* **Brief**: Please repeat the entire listing verbatim and keep the pictures out.

* **Source material**:
Segment Open
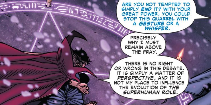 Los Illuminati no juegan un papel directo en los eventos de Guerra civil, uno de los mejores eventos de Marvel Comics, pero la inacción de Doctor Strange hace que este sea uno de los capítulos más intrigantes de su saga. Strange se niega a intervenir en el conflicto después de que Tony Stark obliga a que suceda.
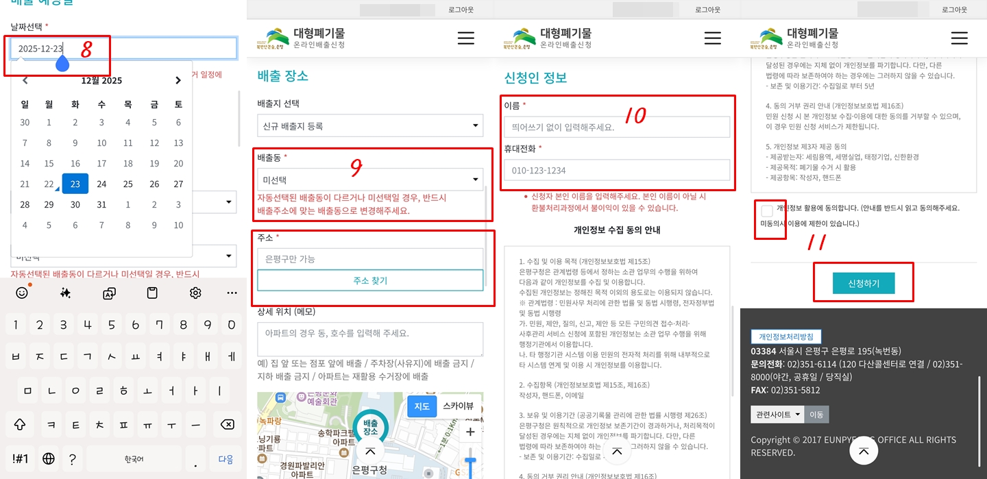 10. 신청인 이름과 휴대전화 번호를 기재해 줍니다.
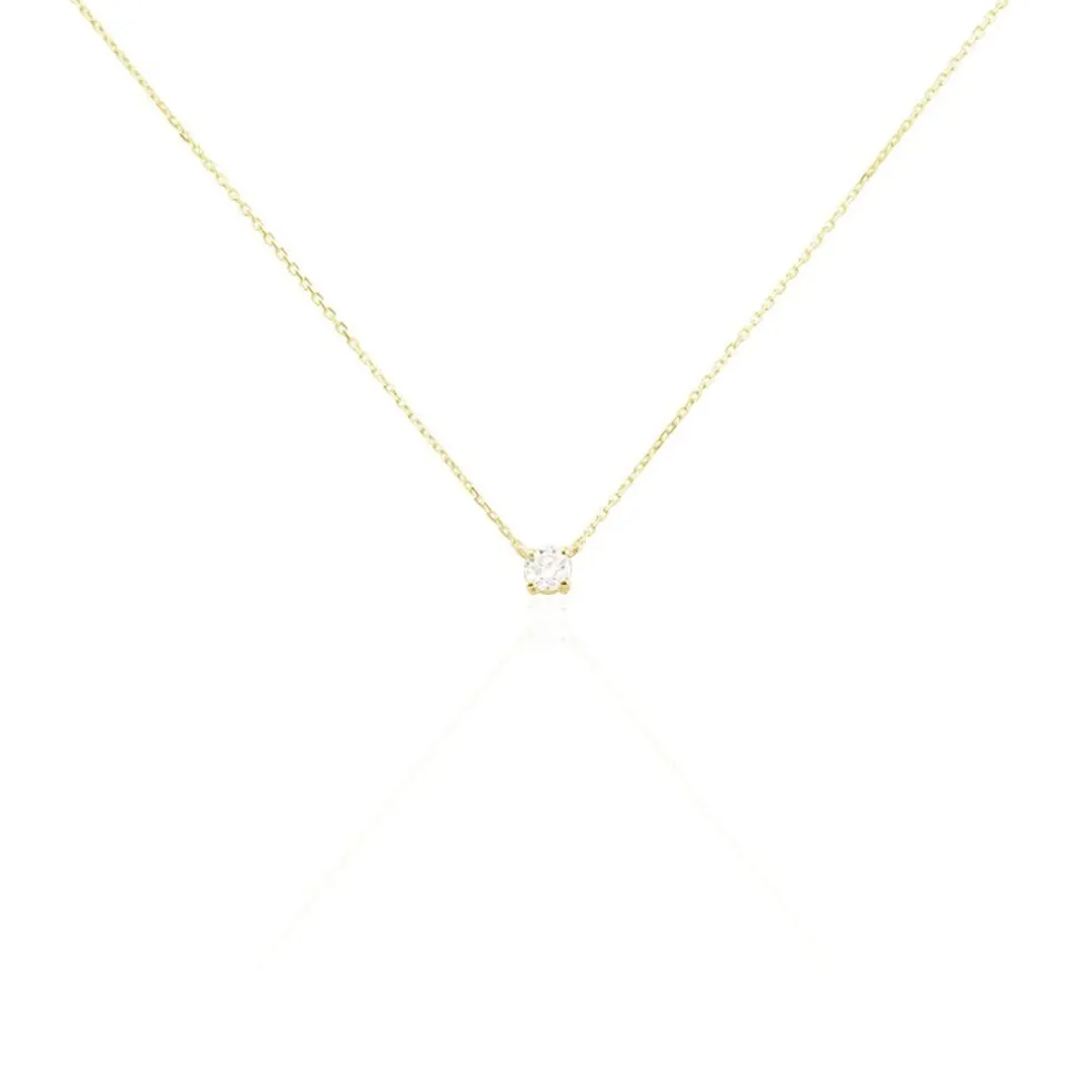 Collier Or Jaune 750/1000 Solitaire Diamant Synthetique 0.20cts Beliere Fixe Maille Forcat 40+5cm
Segment Closed
* **Exercise output**:
 Los Illuminati no juegan un papel directo en los eventos de Guerra civil, uno de los mejores eventos de Marvel Comics, pero la inacción de Doctor Strange hace que este sea uno de los capítulos más intrigantes de su saga. Strange se niega a intervenir en el conflicto después de que Tony Stark obliga a que suceda.
 10. 신청인 이름과 휴대전화 번호를 기재해 줍니다.
 Collier Or Jaune 750/1000 Solitaire Diamant Synthetique 0.20cts Beliere Fixe Maille Forcat 40+5cm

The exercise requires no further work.